The Nationalist Party's campaign strategy was based solely on negativity and the fear factor, Dr Muscat said this evening.

Speaking at Birzebbugia during the recording of One TV programme TX, Dr Muscat laid into his rivals' tactics.

"They have no plan..the only thing they're doing is trying to scare people with negativity. All they've done in these past weeks is criticise and try to instil fear," he said.

Dr Muscat pressed home the need to address rising unemployment, which has now hit seven per cent, and which he said the Prime Minister was in denial about.

"The Prime Minister hasn't even admitted there's a problem...one of the most astounding moments of this campaign was when he dismissed youth unemployment as 'irrelevant'," Dr Muscat said.

He said the PL would "open up the doors of public procurement" to small businesses, which were sometimes disqualified from applying for government tenders by overly tasking application criteria.

"How can a small start-up ever apply for a tender that requires applicants to have sold €1 million worth of products to the government?" he asked.

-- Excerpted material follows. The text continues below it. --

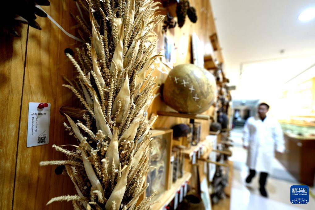 11月19日在辰山中心植物種子標本墻拍攝的長葉猬絲蘭種子。

Self-employed small businesses were also caught in a trap of "institutionalised usury", he said, with VAT arrears sucking them into a vicious cycle of inordinate penalty payments and ultimately prison.

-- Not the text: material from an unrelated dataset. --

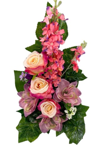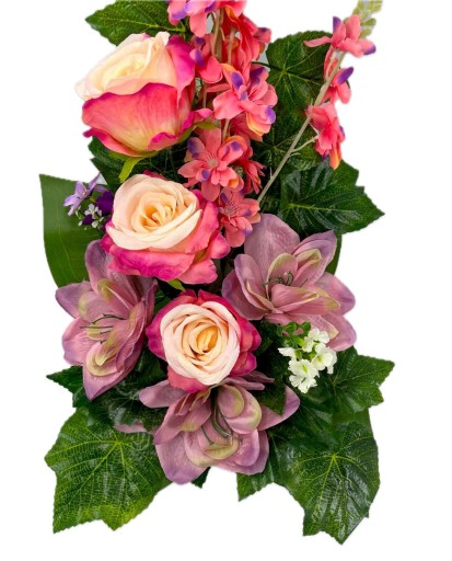 - wykonany ze sztucznych kwiatów w kolorze kremowo-różowym z bogatą zieloną roślinnością,

"Prison is no place for the self-employed," he said.

Dr Muscat argued that the PL's strength lay in its unity and unifying core message of change.

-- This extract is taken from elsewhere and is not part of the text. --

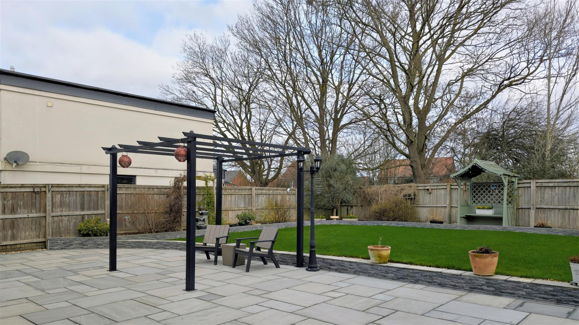 To the rear there is a level landscaped garden measuring approaching 50ft in length with a substantial paved patio that leads onto the rest of the garden which is laid to lawn with raised borders, plants, bushes and a summerhouse all enclosed by panelled fencing.

"This is not a coalition of the disgruntled. It is a group of people who genuinely want to see a change of direction. Everyone's fed up by the lack of responsibility. This is not the sort of politics I want to play a part in," he said.

The PL leader said that, if he found himself in government next week, he would "immediately" begin the process of drafting three key pieces of anti-corruption legislation: a whistleblower act, party financing law and removal of time-barring in cases of political corruption.

Dr Muscat said he was "100 per cent convinced" the party could bring its energy proposals to fruition. "We haven't budged an inch from our original proposals. And that's because we know they're doable. They've passed the acid test," he said.

Talk of energy prompted Dr Muscat to criticise the PN for its own energy proposals, which he said "lacked depth".

"They've yet to explain how much people will save through night tariffs other than saying it will be between six and 27 per cent," he said. Talk of a gas pipeline was also vague, he said.

Dr Muscat ended his speech like he started it, with an appeal for undecided voters to collect their voting documents, "vote for change" and vote for "each and every Labour candidate."